==== Exercise data
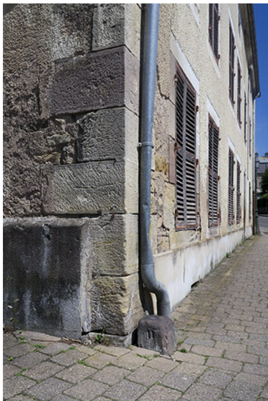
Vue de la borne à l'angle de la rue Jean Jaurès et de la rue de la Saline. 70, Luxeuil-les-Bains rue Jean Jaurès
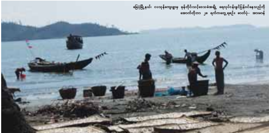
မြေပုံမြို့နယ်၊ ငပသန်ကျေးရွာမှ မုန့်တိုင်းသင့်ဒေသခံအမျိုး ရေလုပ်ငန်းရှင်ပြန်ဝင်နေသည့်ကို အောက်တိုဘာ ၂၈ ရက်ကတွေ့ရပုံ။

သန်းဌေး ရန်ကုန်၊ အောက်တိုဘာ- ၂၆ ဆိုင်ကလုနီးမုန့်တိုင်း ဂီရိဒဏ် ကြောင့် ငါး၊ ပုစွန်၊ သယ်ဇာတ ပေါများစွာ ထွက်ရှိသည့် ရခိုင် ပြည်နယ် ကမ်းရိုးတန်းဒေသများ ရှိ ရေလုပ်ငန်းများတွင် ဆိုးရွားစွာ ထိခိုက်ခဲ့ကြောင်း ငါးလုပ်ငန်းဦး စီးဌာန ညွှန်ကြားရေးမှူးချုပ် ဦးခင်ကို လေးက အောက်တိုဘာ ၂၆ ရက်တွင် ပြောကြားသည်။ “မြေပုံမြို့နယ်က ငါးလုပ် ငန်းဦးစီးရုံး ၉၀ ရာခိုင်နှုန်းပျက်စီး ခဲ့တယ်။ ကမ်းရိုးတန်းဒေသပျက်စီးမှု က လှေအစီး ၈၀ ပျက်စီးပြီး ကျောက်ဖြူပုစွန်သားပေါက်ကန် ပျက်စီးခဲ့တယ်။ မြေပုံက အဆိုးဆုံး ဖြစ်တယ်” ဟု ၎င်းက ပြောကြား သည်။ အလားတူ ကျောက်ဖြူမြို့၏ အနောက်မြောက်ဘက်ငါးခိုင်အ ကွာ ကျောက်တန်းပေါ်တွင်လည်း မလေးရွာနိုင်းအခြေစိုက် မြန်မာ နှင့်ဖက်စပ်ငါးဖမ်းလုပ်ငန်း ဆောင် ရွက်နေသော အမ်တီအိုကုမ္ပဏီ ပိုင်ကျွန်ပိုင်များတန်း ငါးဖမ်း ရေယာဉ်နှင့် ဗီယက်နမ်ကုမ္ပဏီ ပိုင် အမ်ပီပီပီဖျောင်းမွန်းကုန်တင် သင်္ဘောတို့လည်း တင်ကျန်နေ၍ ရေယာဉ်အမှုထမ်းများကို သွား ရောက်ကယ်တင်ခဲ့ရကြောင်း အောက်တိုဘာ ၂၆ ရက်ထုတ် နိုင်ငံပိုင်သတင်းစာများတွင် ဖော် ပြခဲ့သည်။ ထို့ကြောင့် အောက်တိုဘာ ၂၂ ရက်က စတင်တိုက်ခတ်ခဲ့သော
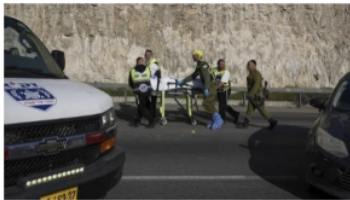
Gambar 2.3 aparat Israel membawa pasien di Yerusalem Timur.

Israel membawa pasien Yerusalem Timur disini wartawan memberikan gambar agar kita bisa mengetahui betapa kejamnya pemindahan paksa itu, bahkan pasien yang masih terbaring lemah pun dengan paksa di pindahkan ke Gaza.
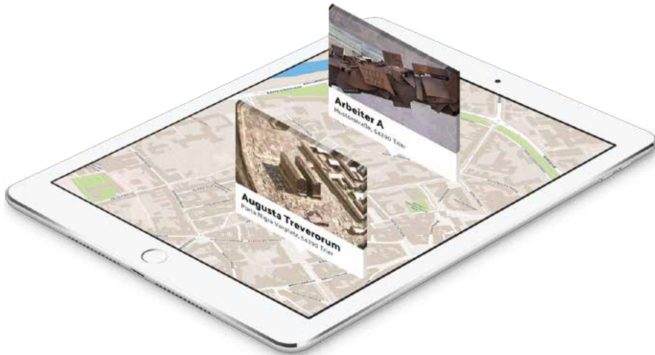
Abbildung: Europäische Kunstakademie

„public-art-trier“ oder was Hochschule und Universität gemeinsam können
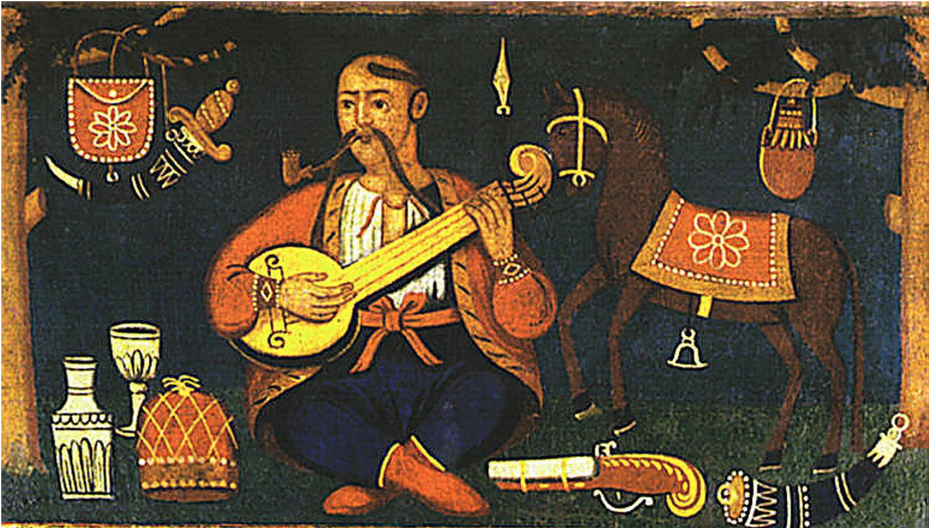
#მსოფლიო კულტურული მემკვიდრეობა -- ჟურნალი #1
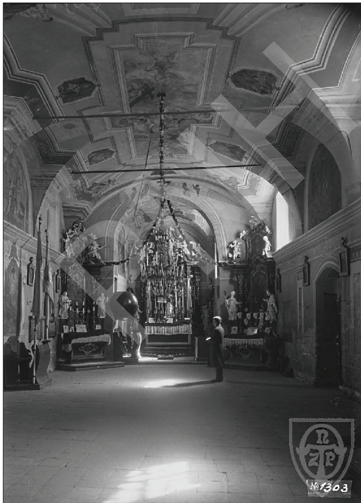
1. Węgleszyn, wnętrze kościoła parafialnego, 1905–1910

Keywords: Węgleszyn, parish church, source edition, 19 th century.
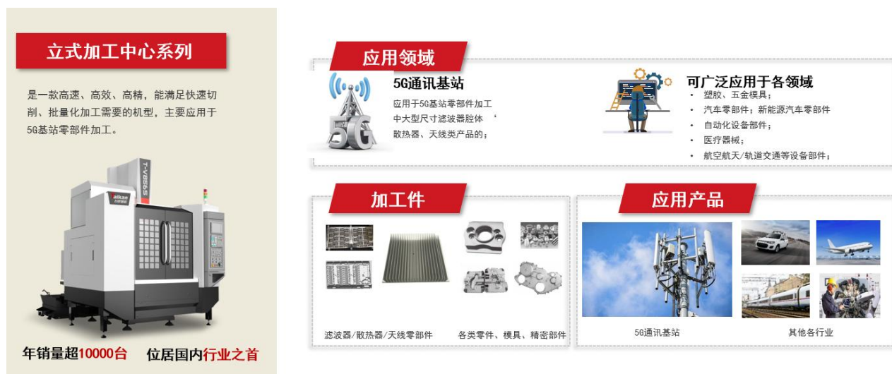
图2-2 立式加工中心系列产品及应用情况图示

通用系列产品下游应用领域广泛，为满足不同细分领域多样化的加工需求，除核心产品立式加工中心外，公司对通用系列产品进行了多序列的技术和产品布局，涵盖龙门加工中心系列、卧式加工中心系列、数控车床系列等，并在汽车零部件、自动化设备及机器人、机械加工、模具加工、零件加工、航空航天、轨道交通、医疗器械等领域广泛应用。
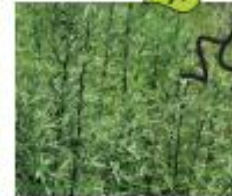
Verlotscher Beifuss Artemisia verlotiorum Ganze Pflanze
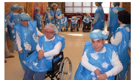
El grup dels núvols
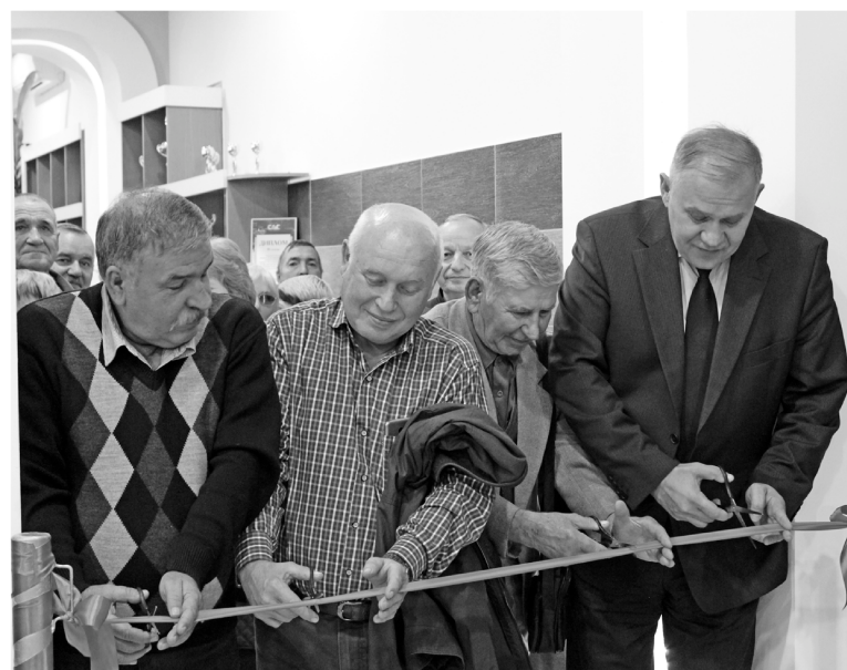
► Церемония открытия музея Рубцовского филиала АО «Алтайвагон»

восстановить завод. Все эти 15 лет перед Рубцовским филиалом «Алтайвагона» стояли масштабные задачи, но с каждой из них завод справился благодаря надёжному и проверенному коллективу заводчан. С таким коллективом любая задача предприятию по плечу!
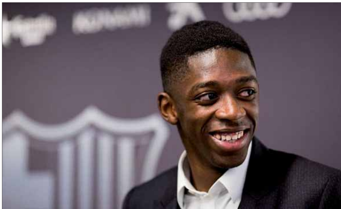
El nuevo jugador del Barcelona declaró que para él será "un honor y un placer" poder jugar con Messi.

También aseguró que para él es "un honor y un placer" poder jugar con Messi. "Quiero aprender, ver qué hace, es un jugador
========
# [Required action]
Find the line containing "восстановить завод. Все" in the records above and restate it, and each line after it through the end, word for word, dropping the pictures.

# [Result for this task]
восстановить завод. Все эти 15 лет перед Рубцовским филиалом «Алтайвагона» стояли масштабные задачи, но с каждой из них завод справился благодаря надёжному и проверенному коллективу заводчан. С таким коллективом любая задача предприятию по плечу!
El nuevo jugador del Barcelona declaró que para él será "un honor y un placer" poder jugar con Messi.

También aseguró que para él es "un honor y un placer" poder jugar con Messi. "Quiero aprender, ver qué hace, es un jugador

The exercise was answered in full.